Se l'inquilino precedente era un forte lettore e ogni tanto consigliava un libro – sono circa una settantina quelli che ha raccomandato nei suoi otto anni di presidenza tra i quali anche un paio di fantascienza – del presidente attuale si possono dire molte cose, ma il vizio della lettura sembra che non sia tra queste.

Durante la campagna elettorale in un'intervista gli fu chiesto di nominare l'ultimo libro che aveva letto, e svicolò dicendo che leggeva qualche brano qua e là, ma non aveva tempo di leggere. Una persona del suo staff ha detto che Trump si annoia facilmente a leggere, e preferisce guardare la TV.

Ma Trump è certamente una persona che ispira.
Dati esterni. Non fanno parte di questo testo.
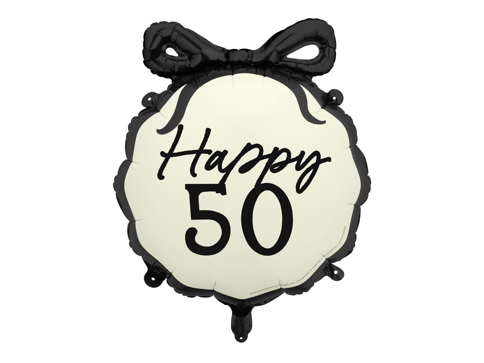 Balon foliowy z kokardą Happy "50" - 47,5 x 45 cm - 1 szt.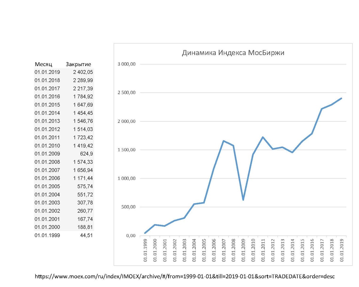 Это выгодно, эффективно на длительном периоде и занимает мало времени. Формируем портфель на основе индекса Какие акции выбрать? В данной статье расскажу об инвестировании акций в России. Ввиду высокой монополизации рынка, можно выбрать портфель из акций, входящих в индексы РТС и МосБиржи. В индекс МосБиржи входят 42 акции, самые крупные доли занимают Газпром, Лукойл, Сбербанк (более 10 % портфеля). Меньшие значения, около 5% - НорНикель, Новатек, Роснефть, Татнефть и другие. С полным списком можно ознакомиться здесь: https://www.moex.com/ru/index/IMOEX/constituents/ Предлагаю для инвестирования выбрать акции, входящие в данный индекс, причем нужно смотреть на вес конкретной акции в индексе, и выбирать тот же вес в портфеле акций. Краткая информация по доходности по месяцам (январь каждого года) значения на сейчас (09.01.2019) - 2402 пунктов. 3 года назад - 1785 (рост 34% за 3 года) 5 лет назад - 1454 (рост 65% за 5 лет) 10 лет назад - 624 (рост 284% за 10 лет) 15 лет назад - 551

Ha ispirato milioni di elettori a dargli la loro fiducia, e ne ispira certamente molti altri a leggere distopie come 1984, balzato in testa nelle classifiche di Amazon. E non solo.

Qui non è possibile (It Can't Happen Here), distopia di Sinclair Lewis del 1935; Il bel mondo nuovo (Brave New World) di Aldous Huxley; Fahrenheit 451 di Ray Bradbury.

Tutti schizzati a riempire la classifica dei bestseller, insieme a cinque o sei diverse edizioni del caposaldo di Orwell e ucronie varie in cui i nazisti hanno vinto la guerra.

Uno scrittore che volesse cavalcare il mercato oggi farebbe un buon affare a mettersi a scrivere di questi temi: caduta della democrazia, caduta della civiltà, eccetera. Però bisogna essere rapidi e cogliere l'attimo, perché l'anno prossimo le mode potrebbero già aver virato, e andare di moda i libri sugli inverni postnucleari.